1. Tobler, A. Dickinson and W. Schultz, “Coding of Predicted Reward Omission by Dopamine Neurons in a Conditioned Inhibition Paradigm,” Journal of Neuroscience, vol. 23(32):10402–10410, 12 11 2003.
2. M. Ungless, “Dopamine: the salient issue,” Trends Neurosci., Vols. 27(12):702-6., 12 2004.
3. K. Friston, “The free-energy principle: a unified brain theory?,” 13 01 2010.
4. Karen Prince, Jackie Campbell, Phil Picton, Scott Turner. “A computational model of acute pain”;
5. R. B. Rutledge, N. Skandali, P. Dayan and R. J. Dolan, “A computational and neural model of momentary subjective well-being”.
6. Y. Niv, Reinforcement learning in the brain, 2009.
7. S. Van Themsche, “What’s on their mind? Biological and artificial intelligence”; 2018.
Hi Serge. Thanks a lot for your very informed comment! You will note that my account is pitched at the psychological rather than neurological level of explanation, and different neurological stories could fit the same psychological model.
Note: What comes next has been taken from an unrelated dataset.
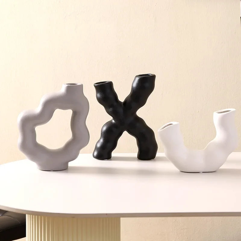 Afralia™ Geometric Ceramic Flower Vase for Stylish Home Decor & Flower Arrangement
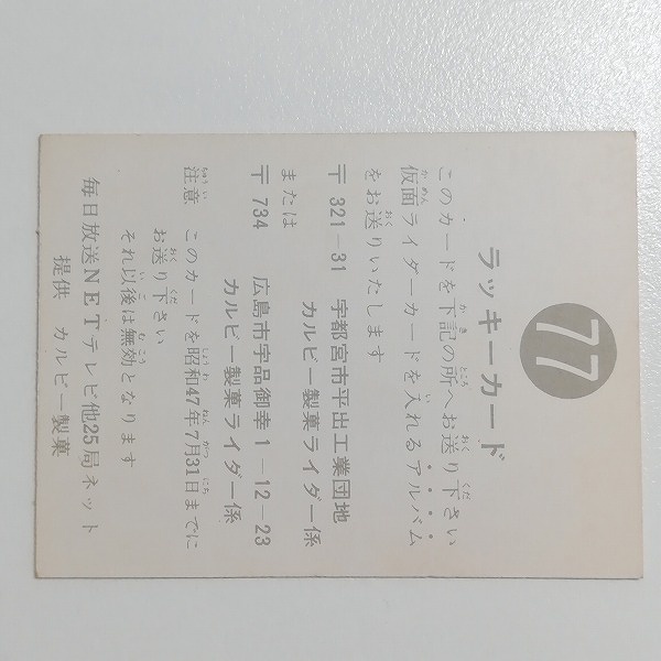 カルビー 旧 仮面ライダーカード ラッキーカード No.77

For instance, it’s perfectly possible that different neuro-transmitters are involved in the affective aspects of pain and pleasure, since this still allows that there is a functional symmetry. At the same time, the processing asymmetries between pleasure and pain may be entirely attributed to the *sensory aspects* of these processes, rather than their affect. For instance, we know that pain has dedicated sensory channels in a way that pleasure does not.
I want to emphasise here that motivation is not the same as the intrinsically pleasant aspects of an experience. It is possible that dopamine is related to either, or both, but we need to be a bit careful here. I’m certainly not comfortable with equating the quantity of dopamine release with the level of pleasant affect.
With regards to the claim that affect drives attention, actually, I am including ideas about predictive coding when I make my claim. We can understand the attention we give to novelty (or prediction errors) as a case where the failure to predict arouses negative affect, which then drives attention. I have a section in Chapter Four of my book where I talk about the emotion of surprise and predictive coding.
It is interesting that you link attention with habitual behaviours. I’m not quite sure what you mean by this however- perhaps you could supply an example?
With regards to my intensity equation- it is of course very simple. No doubt the true picture will be more complex. The main point is to capture the proportionality between affect, response and detection. However in the equation you offer, I am unsure if ‘momentary happiness’ can be fairly identified with pleasurable affect. I would have to dig into that paper to evaluate that.
Finally, the difference between expected and detected rewards. Here again, we must be careful about whether dopamine correlates with motivation or pleasant affect or both. However, I do allow in the book that the anticipated presence of a good/bad can arouse affect (e.g. transient pain). In my view, this anticipation would plug into affect in the same way as the detected presence of the good/bad. However, there may well be comparisons between expectation and reality that modulate this input in a dynamic way, so I’m open to modifying the details on this.